OK. Since this is already work in progress by Apurv and it's not a
high-priority
by the Hama team, I will not pursue it any further.
Leonidas
On Oct 11, 2012, at 12:57 PM, Thomas Jungblut wrote:
Thanks you two for bringing up that discussion.
Personally I have a very strong opinion on that, I think that
building a
MapReduce solution on top of BSP is useless.
We had nearly ten years of development in this paradigm and it has
grown
and specialized itself very much.
You can express MapReduce in BSP, that's totally fine. But that does
not
mean that every MapReduce algorithm is automagically efficient on BSP.
There was (and still is) lots of development on the MapReduce engine
and
you can't cope with that on a more abstract paradigm.
But, of course there are things where MapReduce is inefficient
(iterative
jobs, grouping, no explicit output caching).

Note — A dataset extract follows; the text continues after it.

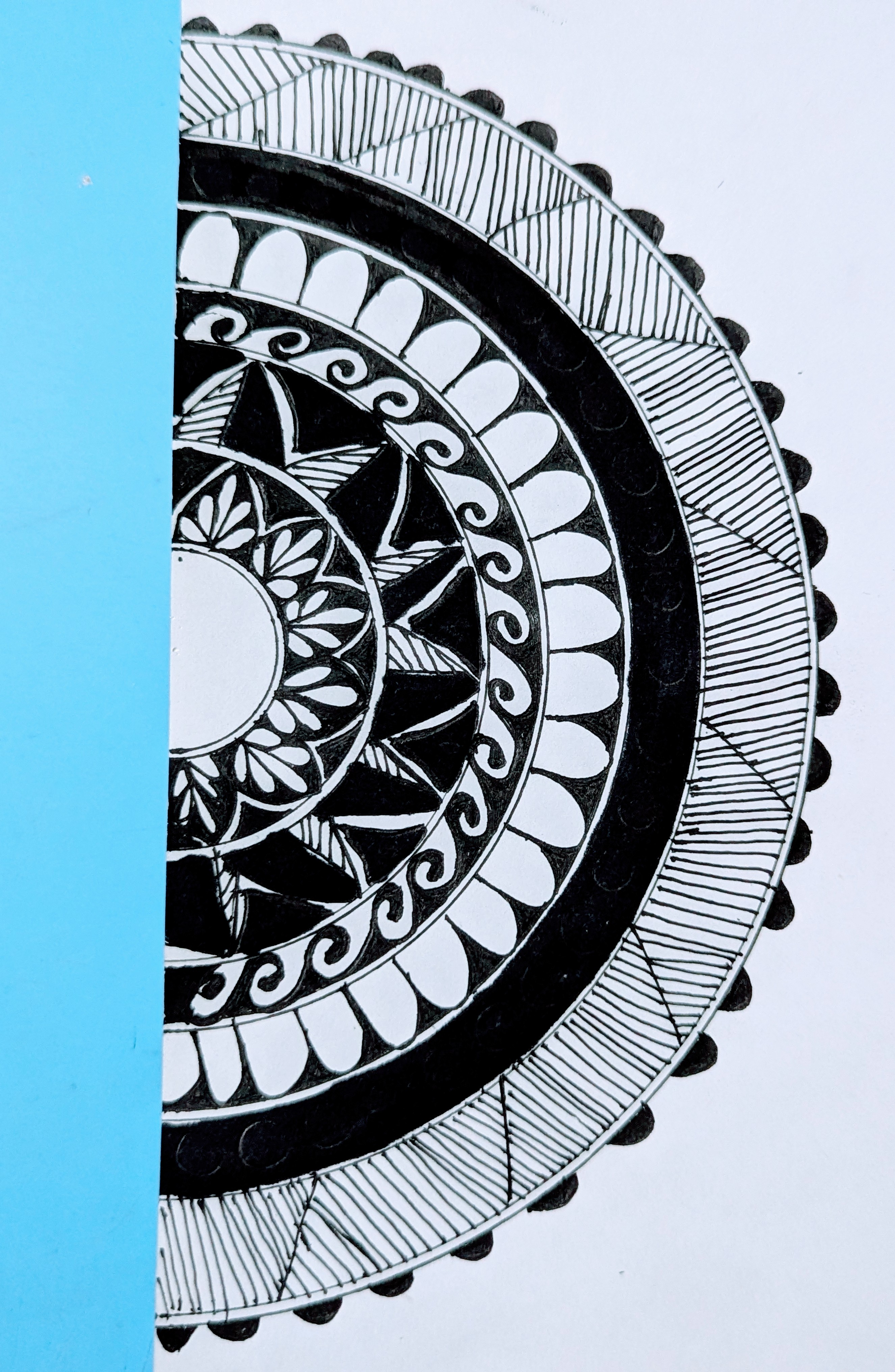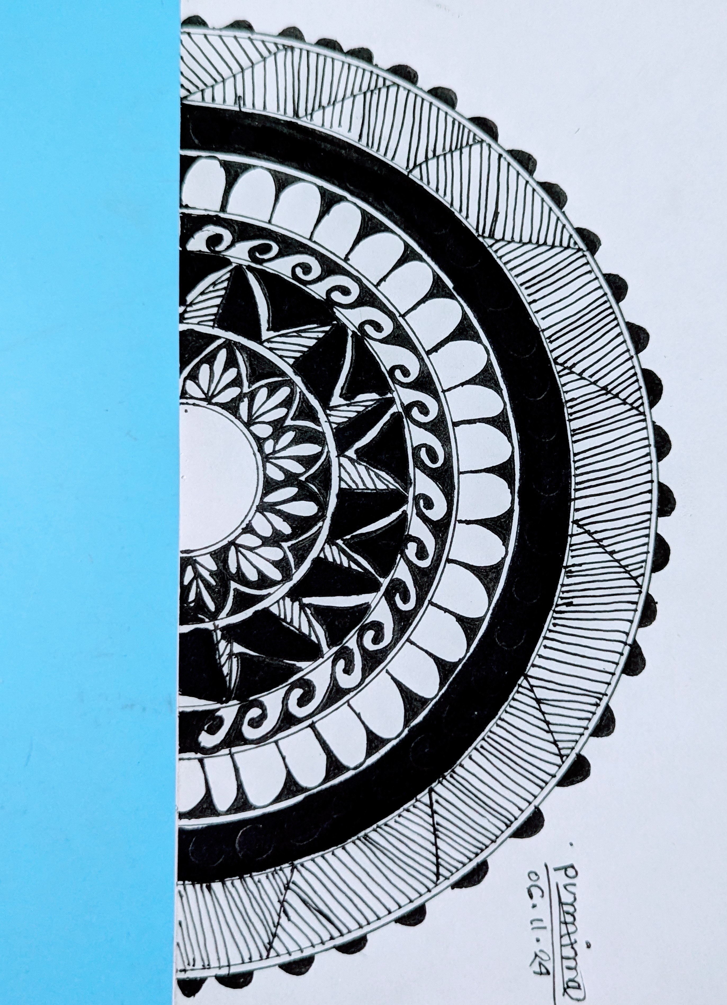 অর্ধ বৃত্তের মাঝে দারুণ ম্যান্ডেলা আর্ট করছেন আপনি। আপনার চমৎকার এই মেন্ডেলা আর্ট তৈরি করতে দেখে আমি মুগ্ধ হয়েছি। অনেক দক্ষতা সম্পন্ন এবং ধৈর্যের মধ্য দিয়ে তৈরি করেছেন। দেখতে হবে সুন্দর হয়েছে।

Yeah grouping, actually grouping is the main part of reducing, but
it is
solved inefficiently in Hadoop.
You are forced to sort and that's (when I recall your paper
correctly) also
a drawback which lead you to implement mrql with BSP, because
grouping by
hash is for several cases much more faster and sometimes also more
efficient.
It's funny because the original paper [1] suggested that they just
have
sort as a nice feature to build an inverted index and to do binary
search
on the tokens. So it's more of a nice side-effect than the real
design of
the system.
All in all, it does not mean that I am not interested in providing
such
functionality in Hama, but I'm sure that we should invest our time
more
carefully on features that bring value to the users (improving message
scalability, improve performance, provide more examples and
algorithms, do
talks and presentations) than coding a half baked solution that is
easily
outperformed by the normal MapReduce.
It was never my intention to "kill" Hadoop by developing with Hama,
but to
improve certain use cases that can not be done efficiently in
MapReduce.
So if it's just 1k lines and it is not a half-baked solution, feel
free to
contribute your stuff.
[1] http://research.google.com/archive/mapreduce.html